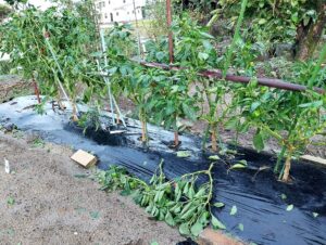 わが家の被害は、後援会の看板が1枚倒れたのと畑のピーマンとパプリカの枝が折れた程度でした。
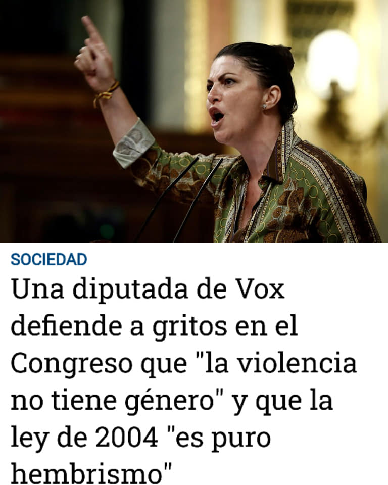 Cuando alguien haga la historia del parlamentarismo español a partir de Vox -creo que algún analista debería intentar el estudio del renacimiento del neofranquismo en nuestra democracia-, va a encontrar piezas tan abundosas de ignominiosos dislates como la protagonizada por una diputada del citado partido al negar -en un estado de excitación retórica casi febril del que debería cuidarse- la existencia de la violencia de género en nuestro país, teniendo como tenemos ejemplos tan descarnados como el ocurrido recientemente y que a continuación comenta Pablo Álvarez. Pareciera que a la soflama atrabiliaria de esa sujeta hace unas fechas, desde la tribuna del Congreso, le respondiera la realidad flagrante con el caso del agresor de Ana María y sus hijas -diez veces denunciado por la víctima- para ratificar lo que sobradamente demuestran los múltiples asesinatos del terrorismo machista que se dan en España, cuya incidencia informativa en los medios de comunicación televisivos sigue ocupando lugares secundarios.
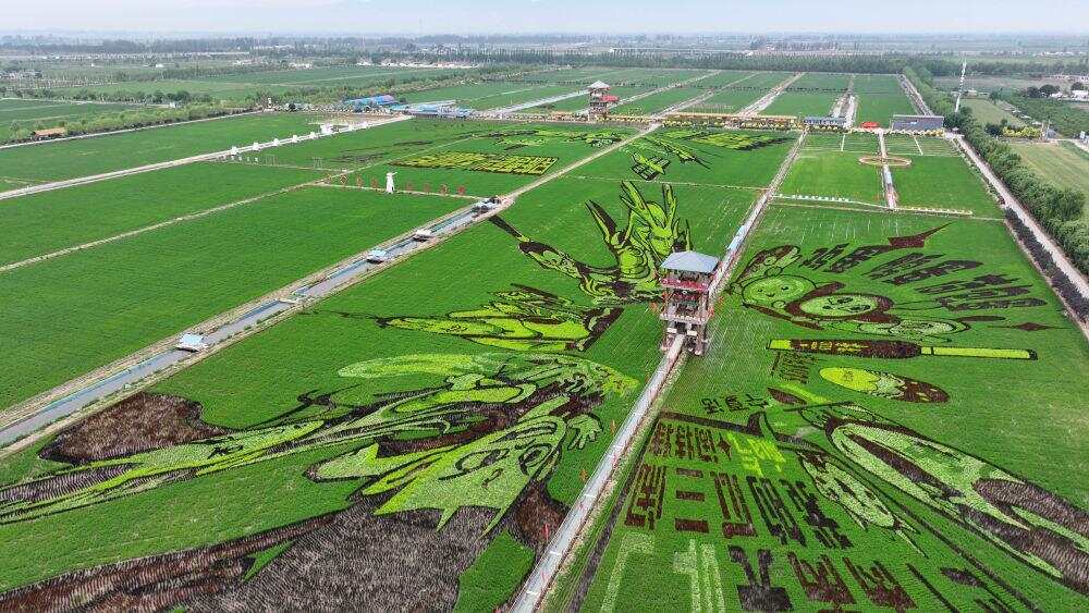 2025年6月18日,稻渔空间乡村生态观光园的巨幅稻田画(无人机照片)。新华社记者王鹏 摄

**Problem description:** The response should reproduce all the material above exactly and leave out its pictures.

**Reply:**
 わが家の被害は、後援会の看板が1枚倒れたのと畑のピーマンとパプリカの枝が折れた程度でした。
 Cuando alguien haga la historia del parlamentarismo español a partir de Vox -creo que algún analista debería intentar el estudio del renacimiento del neofranquismo en nuestra democracia-, va a encontrar piezas tan abundosas de ignominiosos dislates como la protagonizada por una diputada del citado partido al negar -en un estado de excitación retórica casi febril del que debería cuidarse- la existencia de la violencia de género en nuestro país, teniendo como tenemos ejemplos tan descarnados como el ocurrido recientemente y que a continuación comenta Pablo Álvarez. Pareciera que a la soflama atrabiliaria de esa sujeta hace unas fechas, desde la tribuna del Congreso, le respondiera la realidad flagrante con el caso del agresor de Ana María y sus hijas -diez veces denunciado por la víctima- para ratificar lo que sobradamente demuestran los múltiples asesinatos del terrorismo machista que se dan en España, cuya incidencia informativa en los medios de comunicación televisivos sigue ocupando lugares secundarios.
 2025年6月18日,稻渔空间乡村生态观光园的巨幅稻田画(无人机照片)。新华社记者王鹏 摄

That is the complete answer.